Die deutschen Basketballerinnen haben bei der Heim-Weltmeisterschaft in Berlin Geschichte geschrieben. Mit einem deutlichen 94:56-Erfolg gegen Südkorea zog die Auswahl des Deutschen Basketball Bundes erstmals in ihrer Historie ins WM-Viertelfinale ein. Vor 6.225 Zuschauern in der Uber Arena ließ das Team von Bundestrainer Olaf Lange von Beginn an keinen Zweifel am Sieger aufkommen und feierte den dritten Erfolg in Serie.
Nach der Auftaktniederlage gegen Spanien hatte sich die DBB-Auswahl mit Siegen gegen Japan und Mali ins Turnier zurückgekämpft. Gegen die deutlich kleineren Südkoreanerinnen spielte das deutsche Team seine körperliche Überlegenheit von Anfang an geschickt aus. Schon nach dem ersten Viertel führten die Gastgeberinnen mit 23:14, zur Halbzeit stand es 46:29. Im dritten Abschnitt wuchs der Vorsprung auf über 30 Punkte an, wobei die Südkoreanerinnen aus der Distanz schwach trafen.
Kapitänin Marie Gülich war mit 19 Punkten die beste Werferin der Partie. Die Centerin, die nach einem Jahr Pause wegen eines Kreuzbandrisses in diesem Sommer ihre ersten Spiele bestreitet, hatte bereits nach 20 Minuten 14 Punkte, drei Rebounds und drei Assists auf ihrem Konto. Frieda Bühner steuerte 17 Punkte bei. Bundestrainer Lange konnte sich wie schon beim Kantersieg gegen Mali leisten, seinen Topspielerinnen immer wieder Verschnaufpausen zu geben. Bereits vor der Pause kamen alle zwölf Spielerinnen zum Einsatz. „Es ist sehr beruhigend zu wissen, dass wir Tiefe haben“, sagte Lange.
Dass es das vierte Spiel in fünf Tagen war, war den deutschen Spielerinnen nicht anzumerken. „Wir alle haben so Bock, vor dieser Kulisse zu spielen, dass wir gar nicht groß darüber nachdenken, wie müde wir sind“, hatte Gülich im Vorfeld gesagt. Bühner sprach nach dem Auftritt von „ein wenig Gänsehaut“. Bundestrainer Lange zeigte sich hochzufrieden mit der Leistung seiner Mannschaft: „Heute habe ich nicht viel zu meckern. Wir haben herausragend verteidigt, mit sehr viel Engagement und Herz gespielt. Das ist nicht einfach gegen so ein Team. Ich war sehr, sehr zufrieden.“
In der Runde der letzten Acht trifft Deutschland am Donnerstag um 17.45 Uhr auf Europameister Belgien.

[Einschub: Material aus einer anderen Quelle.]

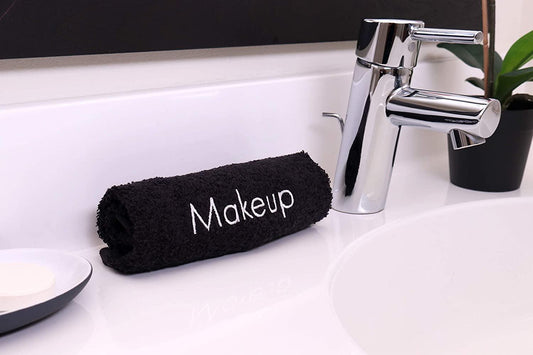 Arkwright Makeup Remover Towels (13x13, 6 Pack) Soft Cotton Washcloths With Makeup Embroidery, Perfect Holiday Gift for Women (Black)
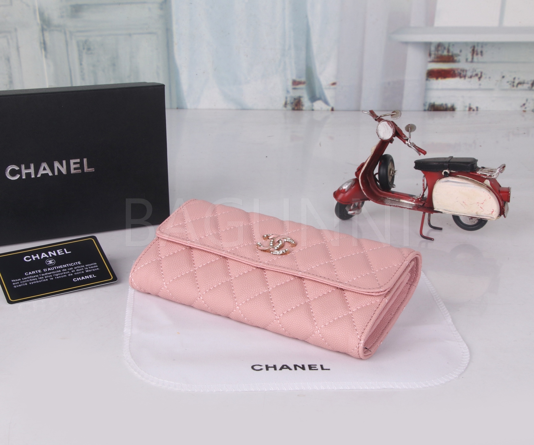 카프스킨의 질감이 돋보이는 샤넬 19 카드지갑입니다.
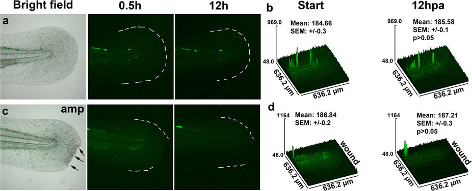 (a) The caudal fin of an uninjured EPRE:GFP larval zebrafish was imaged over the course of 12 hours. First and last images of the time-lapse sequence are shown. (b) Matching surface plots and quantification, comparing the fluorescence means of 4 individual fish (n = 4). Statistical significance was tested between first and last time points, showing lack of EPRE:GFP activation by 12 hours. (c) First and last image of a time-lapse sequence showing the amputated caudal fin (arrows) of an EPRE:GFP larval zebrafish. (d) Matching surface plots and quantification, comparing the fluorescence means of 6 individual fish, show that injury fails to activate EPRE:GFP.
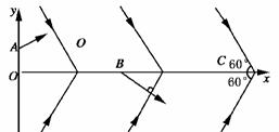 如图所示,在正交坐标系xOy的第一、四象限内分别存在两个大小相等、方向不同的匀强电场,两组平行且等间距的实线分别表示两个电场的电场线,每条电场线与x轴所夹的锐角均为60°.一质子从y轴上某点A沿着垂直于电场线的方向射入第一象限,仅在电场力的作用下第一次到达x轴上的B点时速度方向正好垂直于第四象限内的电场线,之后第二次到达x轴上的C点.求OB与BC的比值。![]()
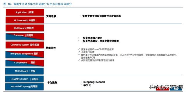整个鲲鹏计算生态中华为的定位更加偏向于中国 Intel,主要聚焦在芯片以及云端,持续 推进处理器研发与架构演进,除了整机、部件、数据库端会有少量涉及外,其它领域均 交由合作伙伴承接,
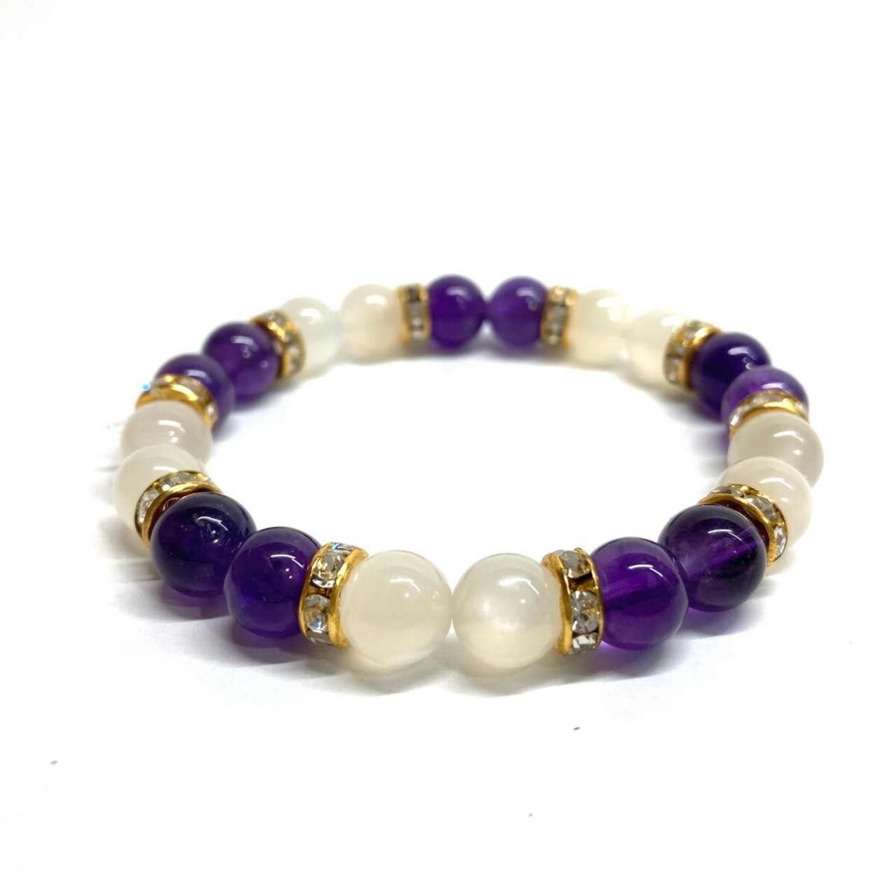 こちらは、8mm玉のムーンストーンとアメジストを使ったパワーストーンブレスレットです。シンプルなデザインでどんなコーディネートにも合わせやすいデザインに仕上げています。サイズは内周 約15cmです。気になる方は是非この機会にどうぞ。

Gegen die Mannschaft um Superstar Emma Meesseman, die als Gruppensieger direkt ins Viertelfinale einzog, ist das deutsche Team Außenseiter. Im EM-Viertelfinale vor einem Jahr hatte Deutschland gegen Belgien mit 24 Punkten Unterschied verloren. „Belgien ist ein anderes Kaliber“, sagte Bühner mit Blick auf die kommende Aufgabe.
Die deutsche Mannschaft trat gegen Südkorea von Anfang an mit großer Überzeugung auf. „Wir haben unser Selbstvertrauen gefunden“, hatte Lange vor der Partie gesagt. „Im ersten Spiel gegen Spanien waren da noch viele Zweifel. Aber durch die Siege gegen Japan und Mali haben wir unseren Glauben gefunden und glauben mehr an unsere Stärken.“ Die Spielerinnen zogen immer wieder zum Korb und waren von ihren Gegenspielerinnen kaum zu stoppen.
Von der Loge aus verfolgte Basketball-Ikone Dirk Nowitzki den ungefährdeten Erfolg. Der NBA-Champion von 2011 klatschte freudig und wird auch zum Viertelfinale gegen Belgien wiederkommen. Dann dürfte er eine deutlich spannendere Partie erleben als gegen die chancenlosen Südkoreanerinnen.